[2110.14168] Training Verifiers to Solve Math Word Problems

# Training Verifiers to Solve Math Word Problems

Karl Cobbe111Equal contribution. Correspondence to: Karl Cobbe <karl@openai.com>, Vineet Kosaraju <vineet@openai.com>Vineet Kosaraju11footnotemark: 1Mohammad Bavarian         Mark Chen       Heewoo Jun          Łukasz Kaiser          Matthias Plappert          Jerry Tworek          Jacob Hilton       Reiichiro Nakano       Christopher Hesse       John Schulman       OpenAI

###### Abstract

State-of-the-art language models can match human performance on many tasks, but they still struggle to robustly perform multi-step mathematical reasoning. To diagnose the failures of current models and support research, we introduce GSM8K, a dataset of 8.5K high quality linguistically diverse grade school math word problems. We find that even the largest transformer models fail to achieve high test performance, despite the conceptual simplicity of this problem distribution. To increase performance, we propose training verifiers to judge the correctness of model completions. At test time, we generate many candidate solutions and select the one ranked highest by the verifier. We demonstrate that verification significantly improves performance on GSM8K, and we provide strong empirical evidence that verification scales more effectively with increased data than a finetuning baseline.

## 1 Introduction

In recent years, large language models have demonstrated impressive skills across many diverse tasks (Wang et al., [2019](https://ar5iv.labs.arxiv.org/html/2110.14168#bib.bib26 ""), Brown et al., [2020](https://ar5iv.labs.arxiv.org/html/2110.14168#bib.bib2 "")). Kaplan et al.( [2020](https://ar5iv.labs.arxiv.org/html/2110.14168#bib.bib9 "")) describe the consistent benefits of increasing model size, characterizing scaling trends that hold across many orders of magnitude. However, even the largest models falter when required to perform multi-step mathematical reasoning (Hendrycks et al., [2021](https://ar5iv.labs.arxiv.org/html/2110.14168#bib.bib6 "")). Model samples frequently contain catastrophic mistakes, even after the model has been appropriately finetuned. Mathematical reasoning thus reveals a critical weakness in modern language models.
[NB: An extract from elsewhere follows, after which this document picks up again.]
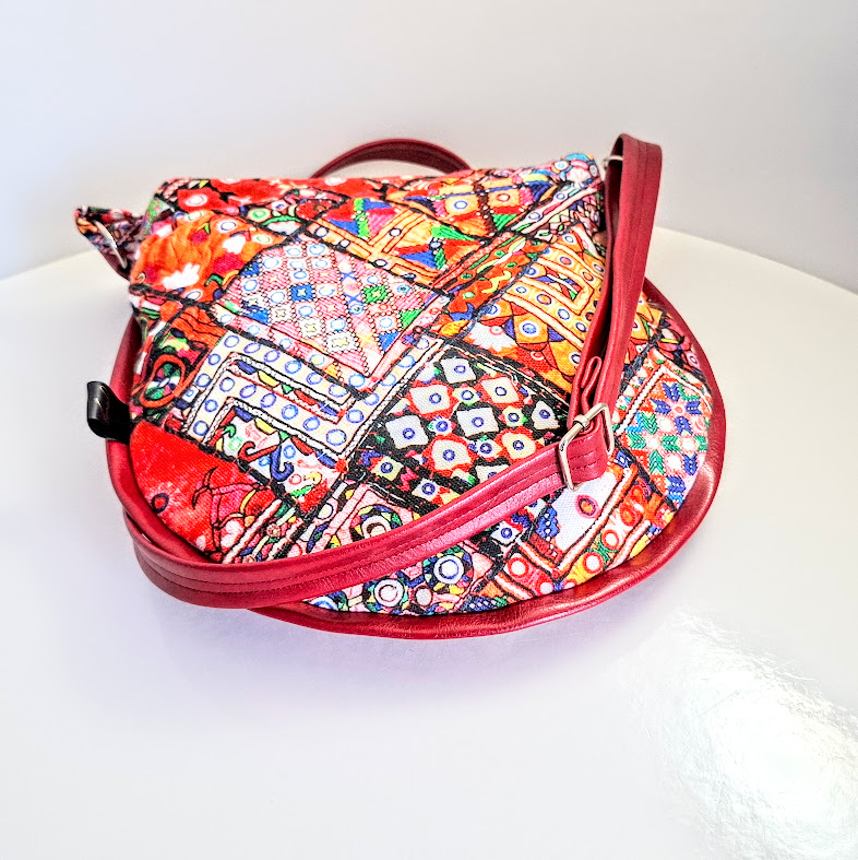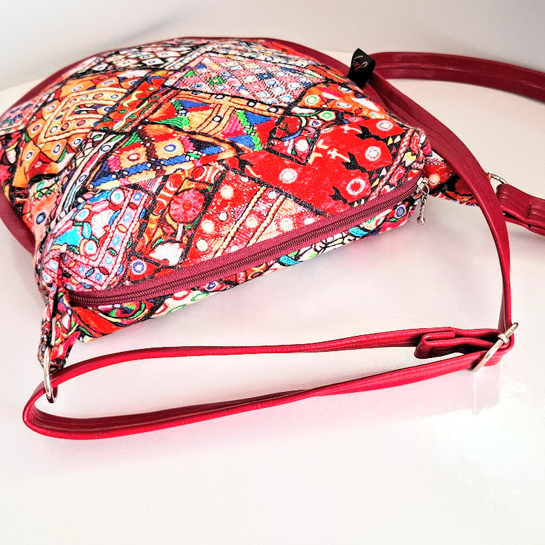 Kabelka materiál 100% bavlna tisk Boho plně uzavíratelná na zip. Ucho temnější červená koženka. Uvnitř červená bavlna, jedna kapsička. Výška 26,5 cm, šířka u hrdla kabelky 25 cm. Délka posuvného ucha 115 cm.

One significant challenge in mathematical reasoning is the high sensitivity to individual mistakes (Shen et al., [2021a](https://ar5iv.labs.arxiv.org/html/2110.14168#bib.bib21 "")). When generating a solution, autoregressive models have no mechanism to correct their own errors. Solutions that veer off-course quickly become unrecoverable. If we rely purely on generative methods and extrapolate from current trends, we will require an exorbitant parameter count to achieve even moderate performance on distributions as challenging as the MATH dataset (Hendrycks et al., [2021](https://ar5iv.labs.arxiv.org/html/2110.14168#bib.bib6 "")). This evidence strongly motivates the search for methods with more favorable scaling laws.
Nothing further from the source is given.